**EXERCISE GOAL**
Your copy should hold the lines below from the first through the one that contains "1girlalternate hairstyleblue eyesblushfemale", each retyped exactly, and no pictures.

**GIVEN INFORMATION**
BEGIN

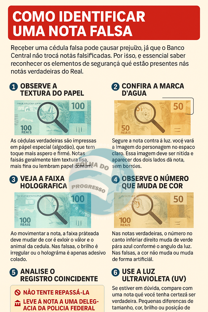 💡 Dica: compare com uma nota verdadeira e, em caso de dúvida, não repasse — entregue à polícia ou a um banco.
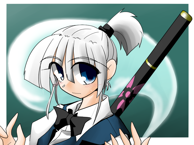 1girlalternate hairstyleblue eyesblushfemale focusgradient backgroundponytailsoloswordupper bodyweaponwhite hair
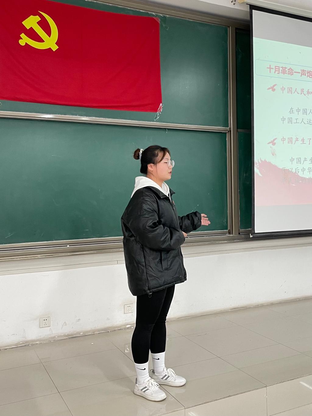 经济系学生党支部书记廉宇婷发表总结讲话。她指出通过党支部举行纪念“一二•九”爱国主题党日活动,希望党员同志们以史为鉴,坚定理想信念,传承红色基因,牢记初心使命,刻苦学习科学文化知识,以此增长才干及本领,成为中国特色社会主义事业的建设者和接班人。并对本次主题党日活动举办过程中的优点给予肯定,同时也明确指出了每一名党员存在的不足,鼓励同学们不忘初心、牢记使命、砥砺前行,为民族复兴、国家强盛、学校发展贡献出自己的力量。
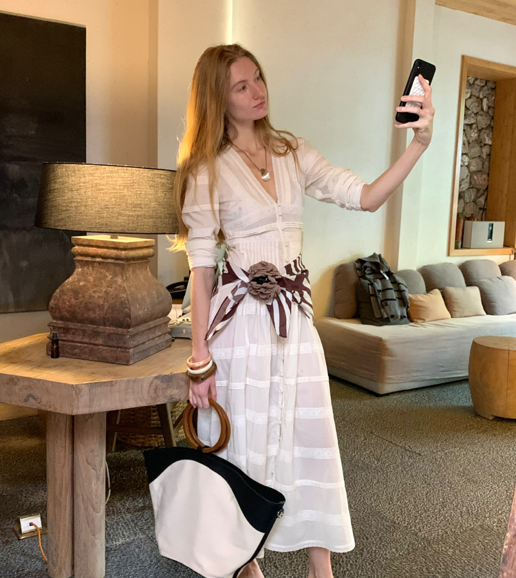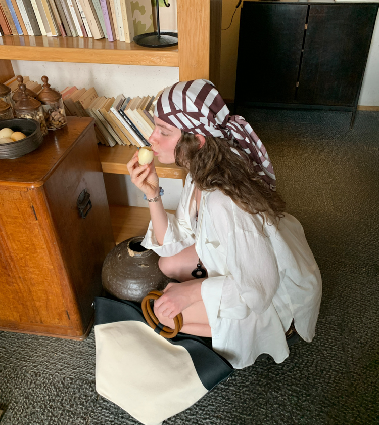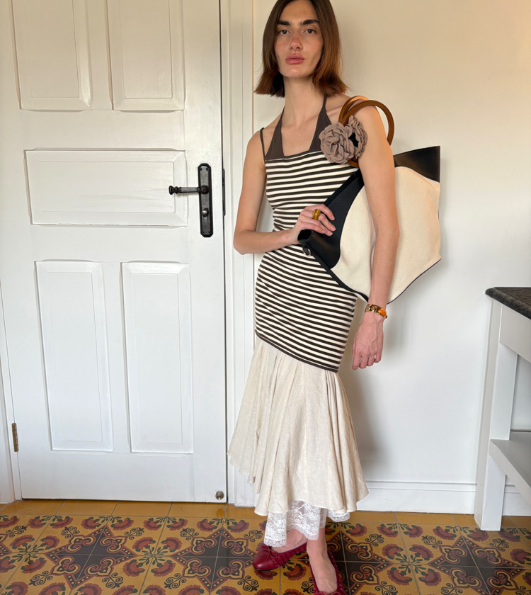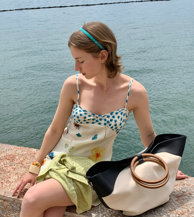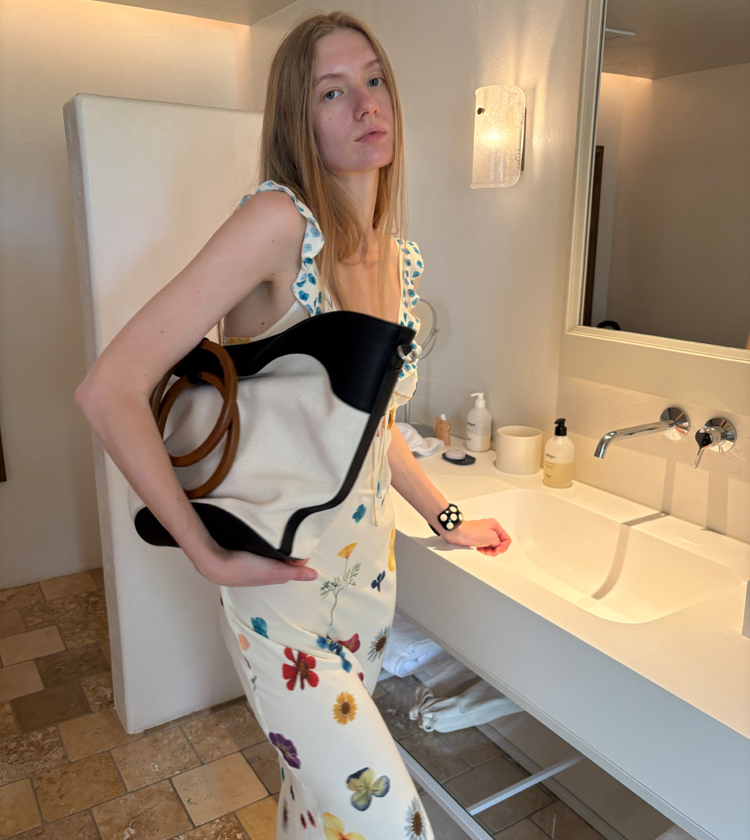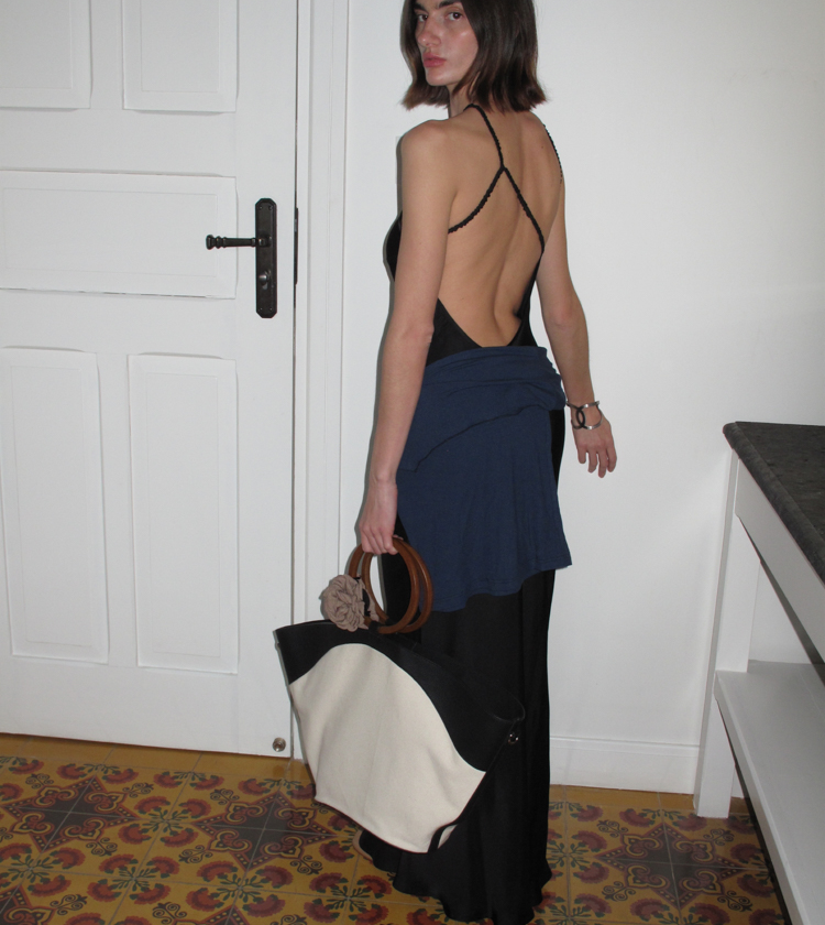 Minimalist Old Money Layer Cowhide Canvas Wood Ring Tote Bag

END

**ANSWER FOR THIS EXERCISE**
 💡 Dica: compare com uma nota verdadeira e, em caso de dúvida, não repasse — entregue à polícia ou a um banco.
 1girlalternate hairstyleblue eyesblushfemale focusgradient backgroundponytailsoloswordupper bodyweaponwhite hair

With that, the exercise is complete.